There are two distinct forecasting approaches: the individual forecasting approach, which produces direct forecasts from single models; and the combination forecasting approach, which generates composite forecasts by combining constituent forecasts yielded by single models. When the individual approach is followed, forecasts are generated relying on only one model, and the forecasting performance of rival models are always compared to identify the best-performing one with the inferior forecasts being discarded. The disadvantages of such a procedure include: firstly, the discarded predictions may contain useful independent information, and secondly, the identification of the “best single model” is like a moving target. Many existing studies show that the forecasting performance of different individual models depends on the accuracy measure used, the forecasting horizon under consideration and the origin-destination pair under study (Gunter and Önder, 2015; Hassani et al., 2017). There are no clear-cut evidences showing which single model is superior to others under all situations, hence there exists no principles regarding the selection of the best single forecasting method. Rather than trying to choose the best single model, the combination forecasting approach pools a range of constituent forecasts together. The rationale is that single forecasts from diverse models based on competing theories, functional forms and specifications contain independent information, the combination of which can achieve diversification gain. As a result, the performance of combination forecasting is supposed to be more stable than the individual one.
The idea of combining multiple forecasts of the same event dates to the 1960s. Bates and Granger (1969) published the seminal work in 1969, which showed that better predictions can be obtained by combining two forecasts yielded by different models. Since then, the general forecasting literature has seen considerable studies on combination forecasts with contributions from many disciplines such as forecasting, statistics, and management (Clemen, 1989). The constituent forecasts have been extended from two to multiple ones with various combining methods being presented and tested and different forecasting horizons and accuracy measures being considered. The empirical results support the conclusion that combining alternative forecasts together can reduce uncertainty and increase accuracy (Diebold and Pauly, 1990; Makridakis et al., 2018, 2020; Zhang and Yu, 2018).
Weighting schemes
One important step of combination is to identify the optimal weights that are assigned to each constituent projection. Main combination approaches differ in the way they use historical information to compute the weights. The simplest weighting scheme is the simple average (SA) method, which assigns equal weights to all individuals. The SA method has been found to be a robust, stable and easy-to-use way, often outperforming more sophisticated weighting schemes and hence is always used as a benchmark in combination forecasting studies (Makridakis and Winkler, 1983; Makridakis et al., 2020; Henry and Clements, 2004; Wu et al., 2020).

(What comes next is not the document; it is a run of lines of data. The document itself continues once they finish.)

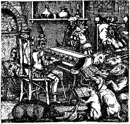 Cat organ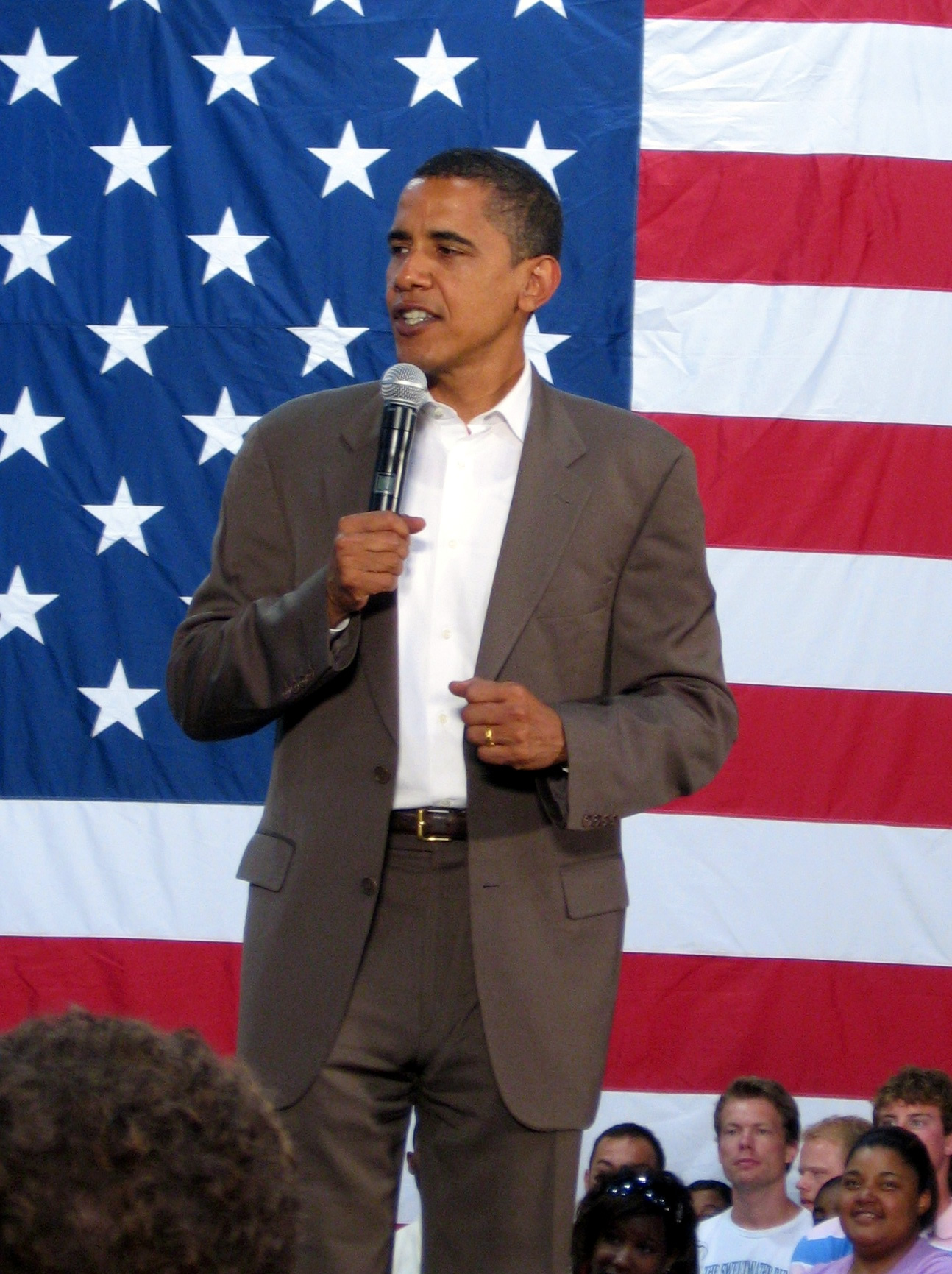 Barack Obama in South Carolina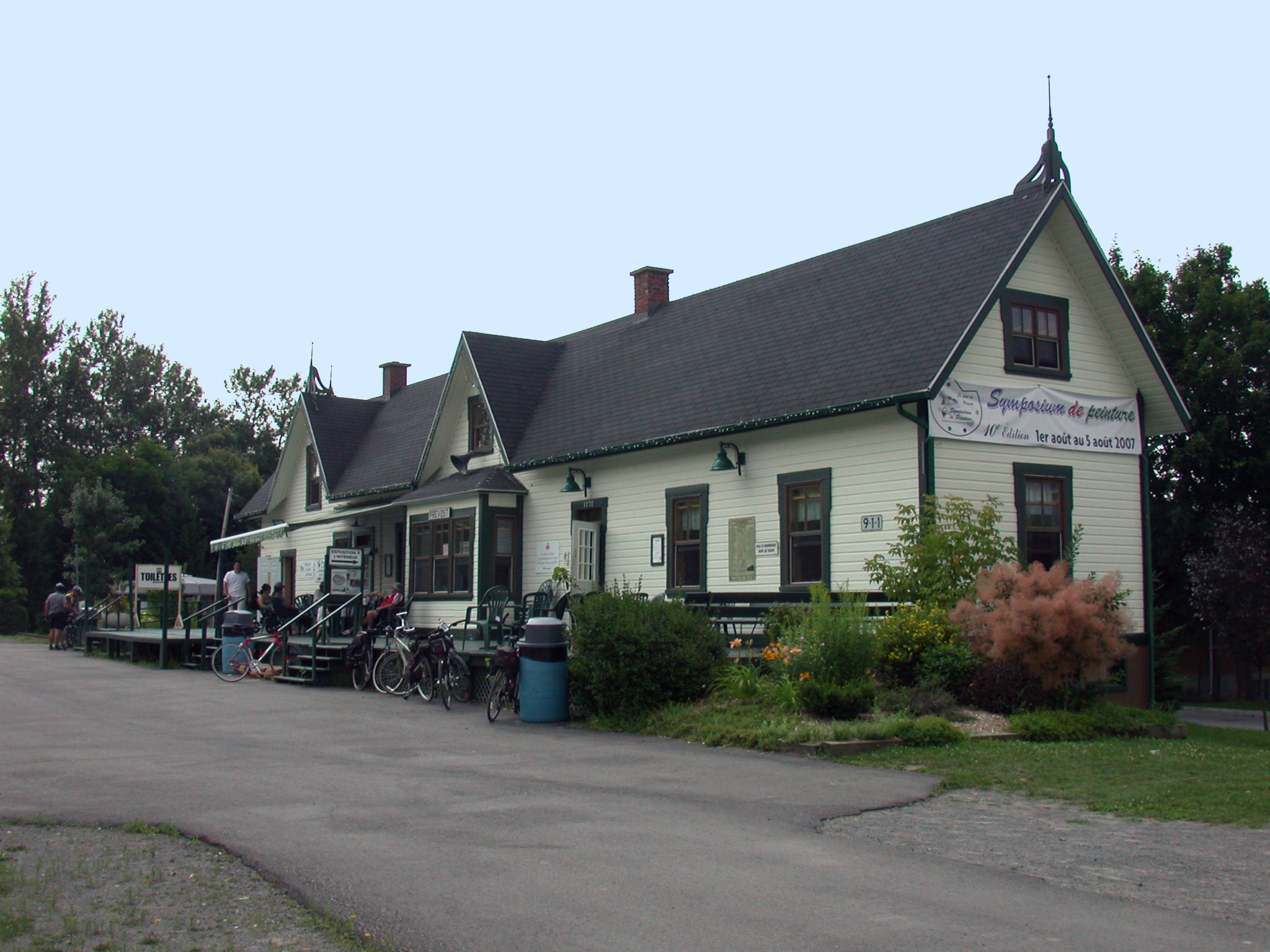 Prévost train station (formerly a Canadian Pacific Railway station) in Prévost, Québec, on the P'tit Train du Nord linear park trail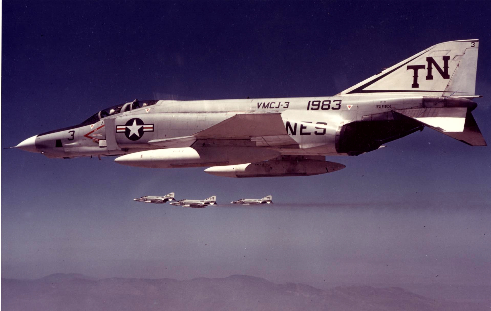 Four U.S. Marine Corps McDonnell RF-4B-23-MC Phantom II (BuNo 151893 in the foreground) from Marine Composite Reconnaissance Squadron VMCJ-3 in flight.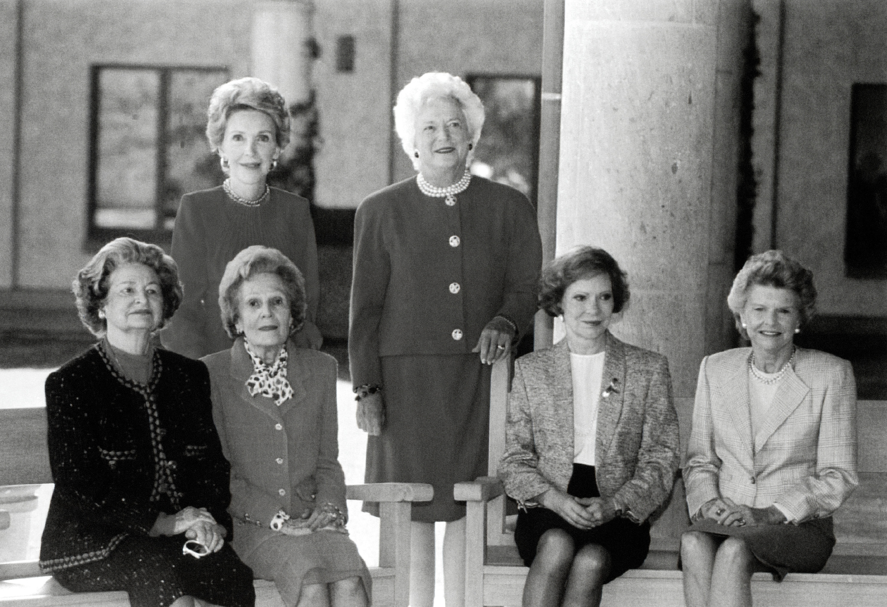 First Ladies Lady Bird Johnson, Pat Nixon, Rosalynn Carter, Betty Ford (front row, left to right), Nancy Reagan, and Barbara Bush (standing, left to right) at the dedication of the Ronald Reagan Presidential Library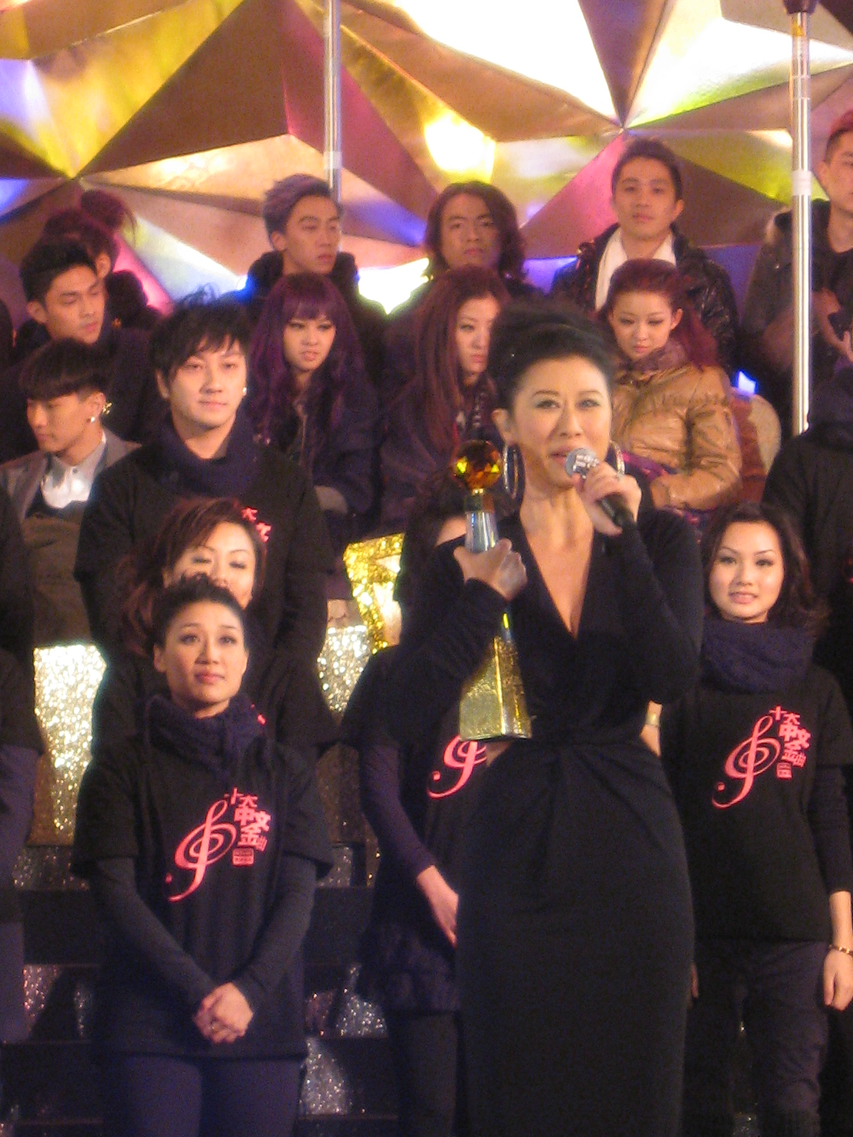 The Golden Needle Award at the 33rd RTHK Top Ten Chinese Gold Song Music Award Ceremony on 7 January 2011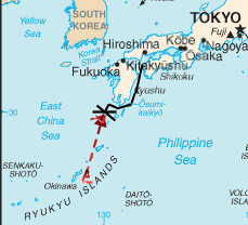 The map of Operation Ten-Go. Routes of the Japanese force (solid black) and U.S. carrier aircraft (dotted red) to the battle area (X) are shown.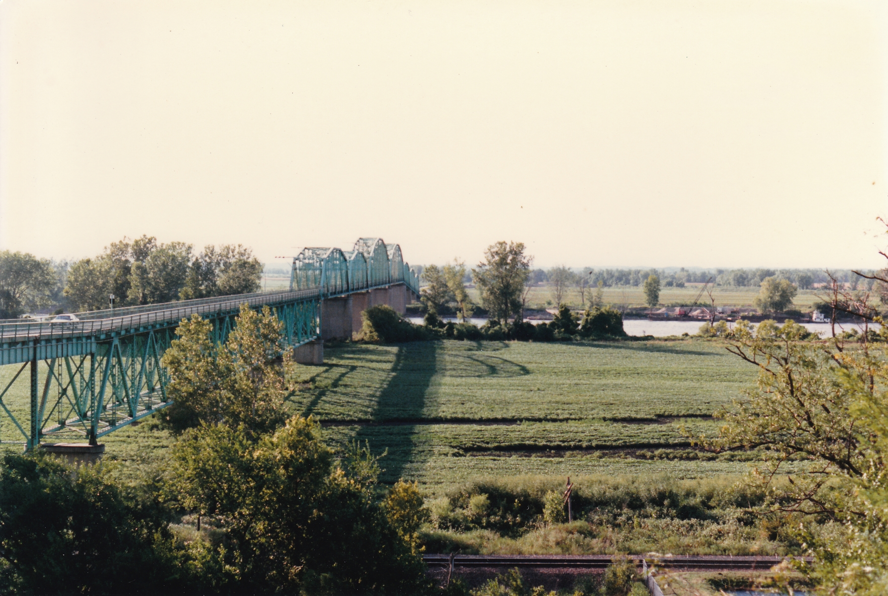 Missouri River, Lexington, Missouri August 22nd, 1987 This bridge has been replaced and demolished since this photo was made. Pentax ME Super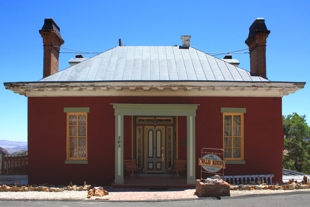 Virginia City, Nevada, USA, Chollar Mansion - the Chollar Mine office and the residence of the original mine superintendent, William Chollar (short history states it was built between 1861-1863). The sign says "565 South D Street, Chollar Mansion, Mine Office and Residence, Est. 1861"; however, the National Register of Historic Places document states that construction began in 1862 and was completed in 1864 (see page 7 of the NRHP registration which is also found in the reference number link below).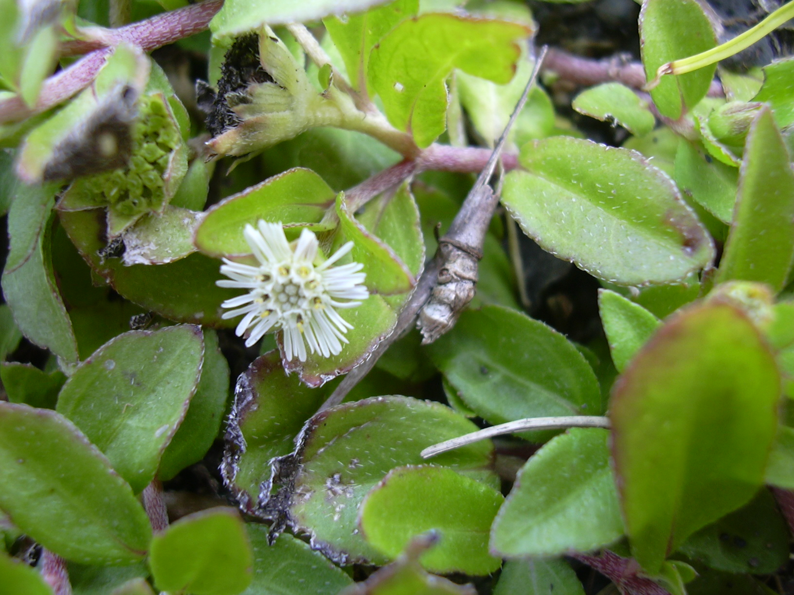 Eclipta prostrata (flower). Location: Maui, Hana Hwy

The variance-covariance (VACO) method was presented by Bates and Granger (1969) and extended by Fritz et al. (1984) to multiple constituents. To minimize the combined forecasts variance, the VACO scheme assigns larger weights to individual forecasts with smaller forecasting errors, which links the weighting scheme to the historical performance of constituent forecasts. The VACO method is a common choice in forecasting studies (Baumeister and Kilian, 2015; Fritz et al., 1984; Stock and Watson, 2004; Wong et al., 2007; Wu et al., 2020).
A similar weighting method is the discounted mean square forecast error (DMSFE) method, which is proposed by Bates and Granger (1969) and generalized by Newbold and Granger (1974). Weights in DMSFE are inversely related to the individual forecasting accuracy, which is measured by the forecasting error, and the recent forecasts are weighed more heavily by applying a discounting factor. The discounting factor lies between 0 and 1, and in practice, 0.95, 0.9, 0.85, and 0.8 are all common choices (Diebold and Pauly, 1987; Shen et al., 2008, 2011; Stock and Watson, 2004).
All the above-mentioned methods share one common feature which is that the weights add up to unity. Granger and Ramanathan (1984) presented the regression method which does not require the weights to add up to unity. The proposed method regresses the actual values on each constituent forecasts and a constant term with the estimated parameters to be the corresponding weights. Some applications of the regression method have demonstrated its satisfactory performance (Guerard, 1987; Holmen, 1987; MacDonald and Marsh, 1994), while others showed evidence of its unstable predicting ability (Lobo, 1991; Shen et al., 2011). The limitation of the regression method is obvious: when the number of the constituent forecasts are large compared to the sample size, it is inappropriate as the regression for working out the weights is invalid. In the regression-based framework, Diebold and Pauly (1990) applied Bayesian shrinkage techniques to incorporate prior information into the weighting scheme and concluded that shrinkage improved the accuracy of the regression-based combination forecasts.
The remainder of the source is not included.